Brass bells are loaded 24-up on the skin-pack machine (above). The new, smaller skin pack (inset, right) frees up more shelf spa
Brass bells are loaded 24-up on the skin-pack machine (above). The new, smaller skin pack (inset, right) frees up more shelf spa

It’s not often that words like “skin-pack machine,” “packaging redesign” and “10-mil PVC” easily roll off an Amish man’s tongue. But Eli Lengacher is not a typical Amish man.

Since 1982, Lengacher and his family of 10 have been manufacturing and packaging brass curios such as bells, thimbles and spoons on the grounds of an Amish community near Fort Wayne, IN, under the name of Amish Kraft Co.

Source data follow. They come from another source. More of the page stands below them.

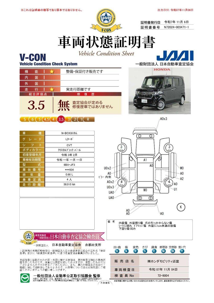 当店に並んでいる展示車には、日本査定協会発行の『車両状態証明書』をお付けしています。修復歴の有無はもちろん、車両状態図を見ながら実車でご確認いただけますのでより安心してご購入いただけます。 65
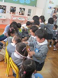 3歳児もも組さんのお部屋にやってきたすみれ組さん、
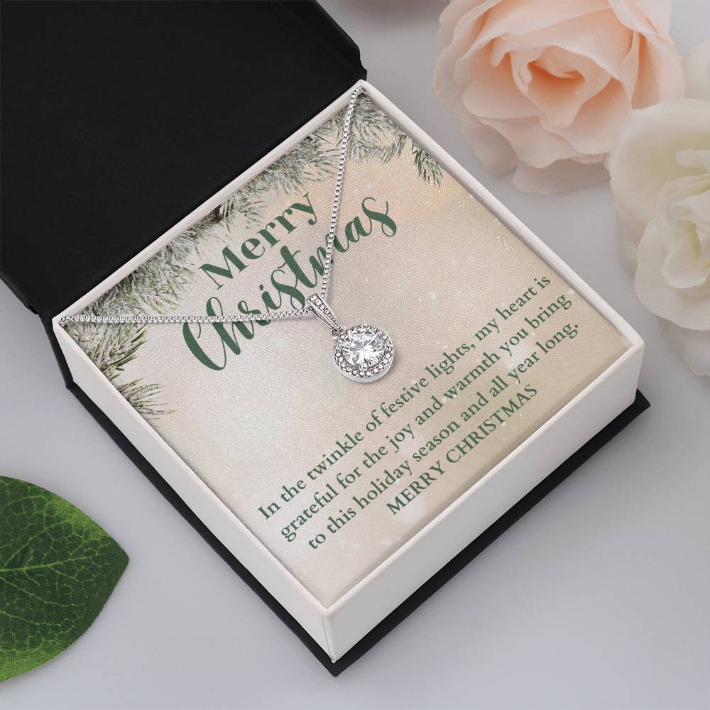 "In the twinkle of festive lights, my heart is grateful for the joy and warmth you bring to this holiday season and all year long. MERRY CHRISTMAS."
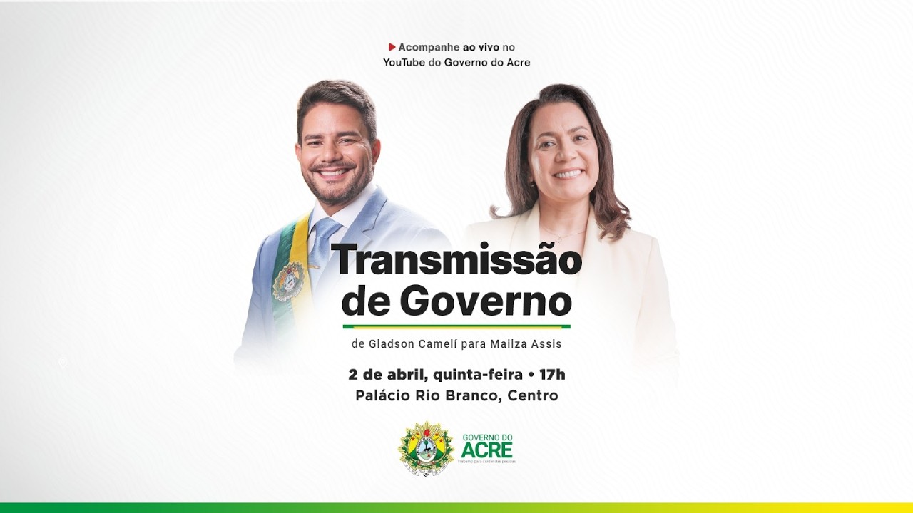 A noite desta quinta-feira, 2 de abril de 2026, marca uma nova página na história do Acre. O governador Gladson Camelí fará a transmissão do governo do Acre para Mailza Assis, em frente ao Palácio Rio Branco.
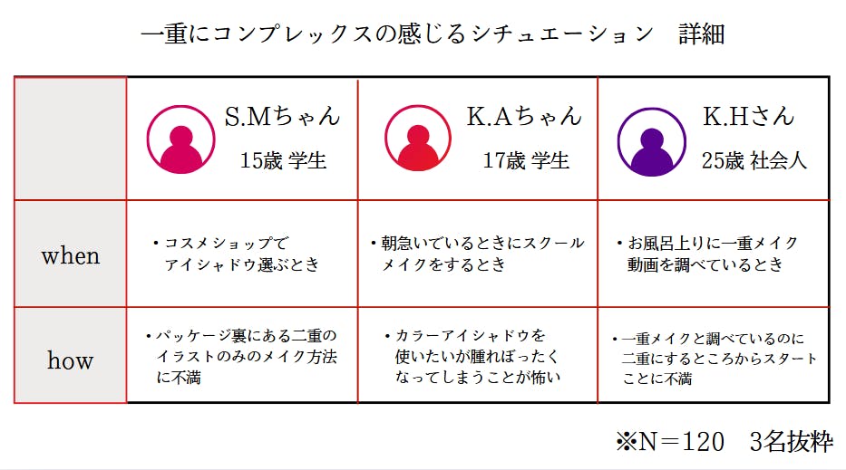 「いつ」「どのように」でさらに掘っていくと、、、メイクやコスメと関わるときの違和感や不安、不満を抱えている具体的な声を、多く頂きました。
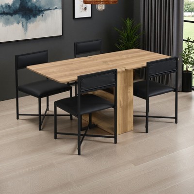 Upgrade your dining area with this 5-piece extendable dining table set, thoughtfully designed for modern homes and compact living environments. The centerpiece of the set is a versatile table that expands from 31.5 inches to 63 inches, making it easy to transition from intimate meals to larger gatherings with friends or family. Its space-saving design is ideal for apartments, studio units, or cozy dining rooms where flexibility and functionality are essential.The set includes four stylish dining chairs, each upholstered in soft, easy-to-clean PU leather that combines elegance with everyday practicality. The cushioned back and seat provide exceptional comfort for extended dining sessions, while a sturdy stretcher under each chair adds extra reinforcement, ensuring stability and long-lasting use.Suitable for various décor styles, this dining set is available in two modern color options, allowing you to coordinate with your existing interior whether your taste leans more contemporary or classic. The compact, foldable design of the table makes it a perfect fit for smaller spaces, giving you the flexibility to easily expand your dining area when needed and save space when not in use.With dimensions of 31.5-63 x 31.5 x 29.7 inches for the table and 18.1 x 18.3 x 32.3 inches for each chair, this set is built for both comfort and durability. Each chair can support up to 330 lbs, and the table holds up to 220 lbs, making this a safe and sturdy choice for your household. Easy to care for and designed to meet a variety of needs, this extendable dining table set delivers modern style, space efficiency, and dependable quality all in one package.

Originally, Amish Kraft’s packaging was fairly rudimentary. The brass was wrapped in tissue paper and placed in a white paperboard box. A year-and-a-half ago, packaging evolved into a manually assembled two-fold SBS paperboard card with a polyvinyl chloride blister encapsulating the brass item. However, the 5”x7” package proved to be too large for some of Amish Kraft’s retailers, including NASA’s Houston, TX, gift shop.

“We decided to revise the packaging because NASA said they didn’t want to take up all the space the original cards had,” says Lengacher, president of Amish Kraft. “And there were several other companies that didn’t want to take up that much space because they market everything by the square foot.”

Like second skin

Lengacher considered automating part of his packaging line in order to produce a smaller, more effective package in less time. Rohrer Corp. (Wadsworth, OH), the company that supplies the 20-pt SBS cards to Amish Kraft, suggested meeting with Zed Industries (Vandalia, OH). Zed recommended a hybrid blister and skin package, or Bliz-Skin™, produced on Zed’s EZ-Skin bench-top skin-pack machine.

Lengacher was sold on the idea. “Zed seemed to be our kind of people,” he says. But because Amish custom prohibits the use of electricity, clearing the machine with the proper authorities was, as Lengacher puts it, “a touchy situation.” A power source other than electricity had to be utilized.

“The machine runs on a diesel engine. There were certain applications, like the film heater, where it couldn’t run any other way,” he says. “But we keep it pretty conservative. Only those items that we can’t otherwise power would be run [by the engine].”